Ciena buys AT&T’s Vyatta to strengthen metro, edge portfolio

Ciena inked a deal to acquire AT&T’s Vyatta routing and switching technology for an undisclosed sum, a move executives touted as strengthening the vendor's metro and edge portfolios.

AT&T acquired Vyatta’s assets from networking hardware company Brocade in mid-2017. On a call with investors, Ciena SVP of Global Products and Services Scott McFeely said the operator has used Vyatta's technology to further its network transformation and virtualization initiatives, putting it to work for use cases ranging from edge applications and 4G/5G backhaul to enterprise business services.  

“Those use cases are very much in the sweet spot for what we’re trying to accomplish in our next generation metro and edge campaigns,” he continued. “So, if you look at the assets we’re picking up it adds a capability set to enhance our routing and switching portfolio as we address the increased market size of next generation metro and edge. It obviously deepens our relationship with a really important customer of ours, AT&T. And we pick up an engineering resources in a location that we had no presence before, in the U.K.”

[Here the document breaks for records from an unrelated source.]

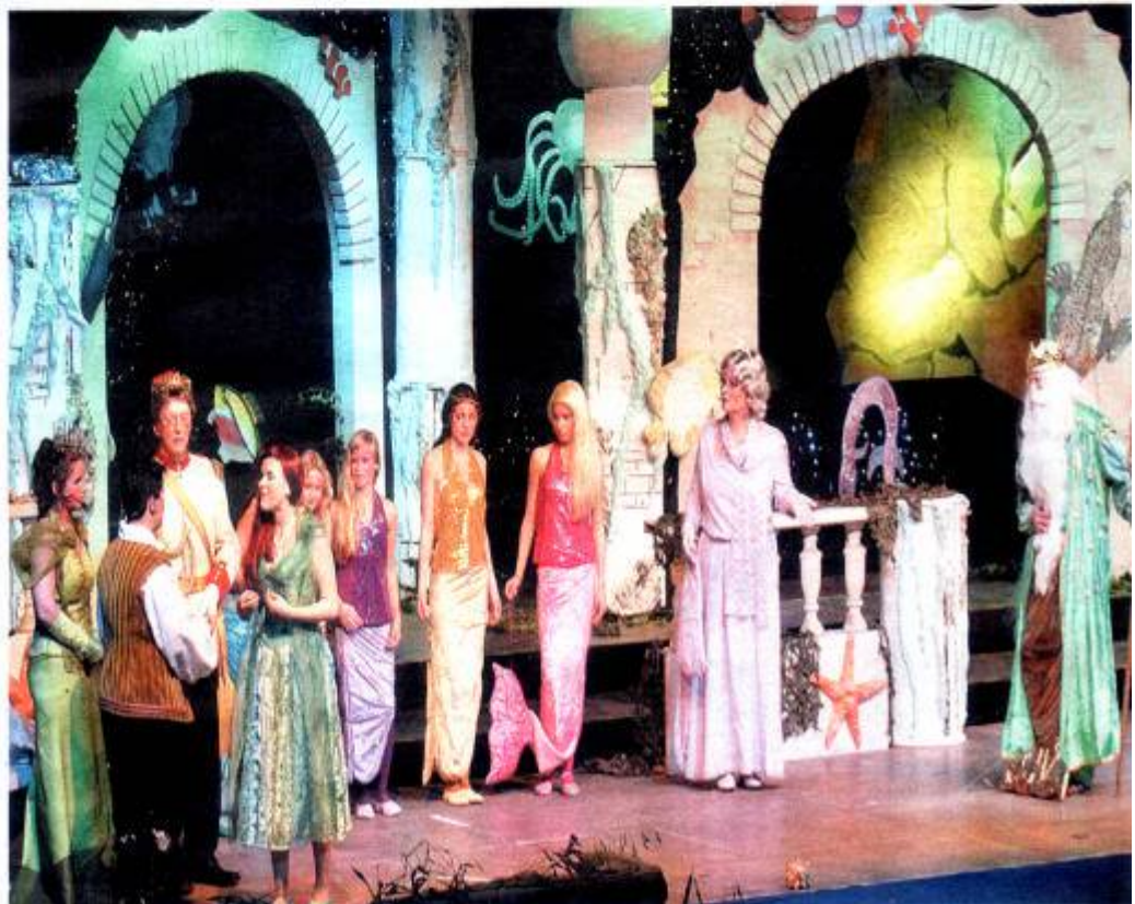
Happy End: Der Zauber der Meerhexe ist besiegt und Leana und Prinz Dominik finden in der Unterwasserwelt zueinander.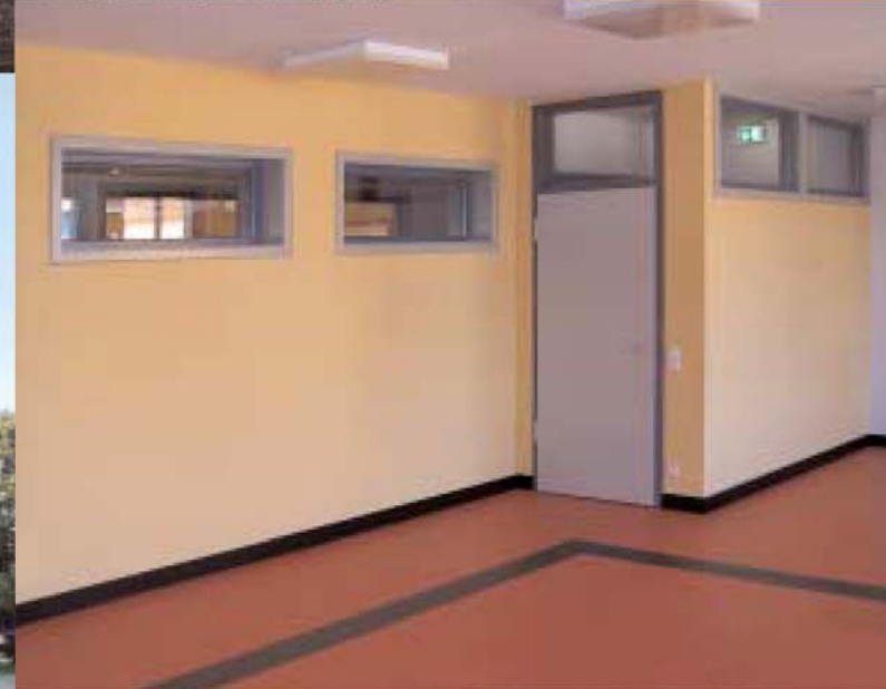
Umgestaltung Jugendhaus OTTO verschiedene Ansichten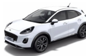
Ford Puma – Hybrid 1.0 Ecoboost Hybrid 125CV Titanium

CANONE 36 mesi con manutenzione ordinaria e straordinaria 275 € mese 36 mesi 45 mila Km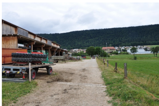
Chemin de Chézard – croisement avec Evologia

Plusieurs tronçons qui relient Cernier à la piscine d'Engollon sont potentiellement intéressants pour en faire une voie verte.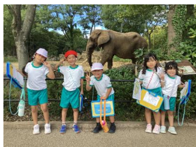
1年生校外学習（八木山動物園）

後期は進学・進級に向けて子供たちがさらに力を高めることのできるよう指導していきます。御家庭におかれましては、前期を振り返りながら子供たちに励ましのお声掛けをお願いいたしますとともに、秋期休業中の安全な過ごし方についてもお声掛け願います。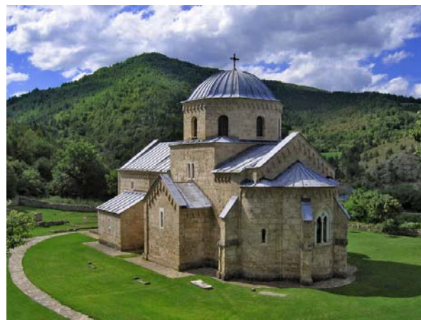
Манастир Градац (13. в.), задужбина краљице Јелене

Срећне Божићне и Новогодишње празнике жели Вам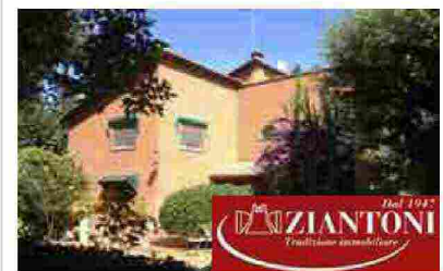
Villa, via Cecilia Metella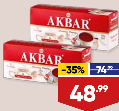
ЧАЙ АКВАР, черный, цейлонский, байховый, 25 пак. в уп.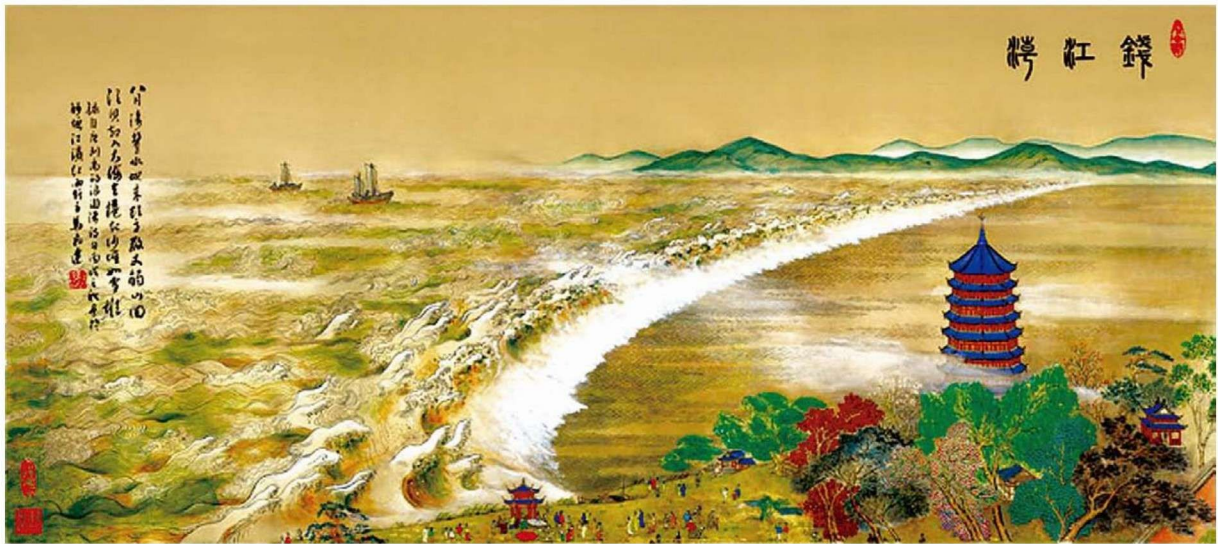
1-1-1 织锦画 钱江潮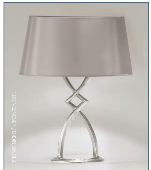
BRONZE NICKELÉ / BRONZE NICKEL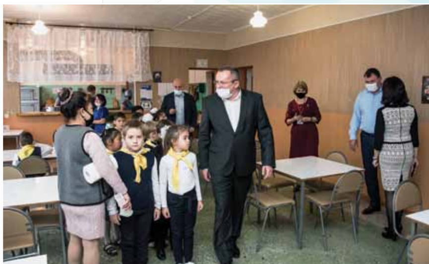
Школьное питание – на контроле родителей и депутатского корпуса.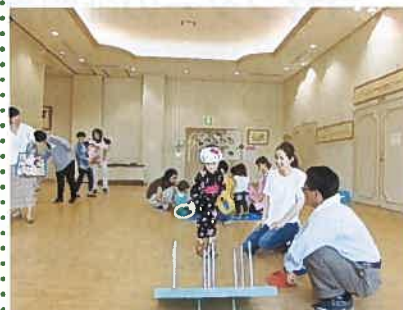
7月29日ママたち広場 この日は「縁日ごっこ」。楽しいお店がいっぱい！親子で楽しみました。

As part of the deal, Ciena will continue to support the Vyatta platform on AT&T’s network, and will integrate Vyatta’s engineers into its own routing and switching R&D organization.

The deal is expected to close by the end of 2021.

Financial results

The announcement came as Ciena reported results for its fiscal Q3 2021, which ended on July 31. Revenue increased 1.2% year on year to $988.1 million, with net income of $238.2 million up substantially from $142.3 million.

Its networking platforms accounted for nearly 80% of Ciena’s revenue, despite converged packet optical sales sliding 1.3% to $712.9 million and routing and switching falling 12.7% to $69.7 million. Revenue from platform software and services increased from $46.4 million to $56.9 million, with Blue Planet revenue up from $11.3 million to $16.6 million. Global services revenue grew from $116.7 million to $132 million.

RELATED: Ciena nearly doubles 800G shipments in its fiscal Q2

On the call, executives touted a strong demand environment, but said pressure from global supply chain issues was expected to persist through the first half of calendar 2022.

Ciena CEO Gary Smith noted it now has 106 customers signed on to use its 800G-enabled WaveLogic 5 Extreme product and has shipped approximately 20,000 units, up from 95 customers and 11,500 units in its fiscal Q2.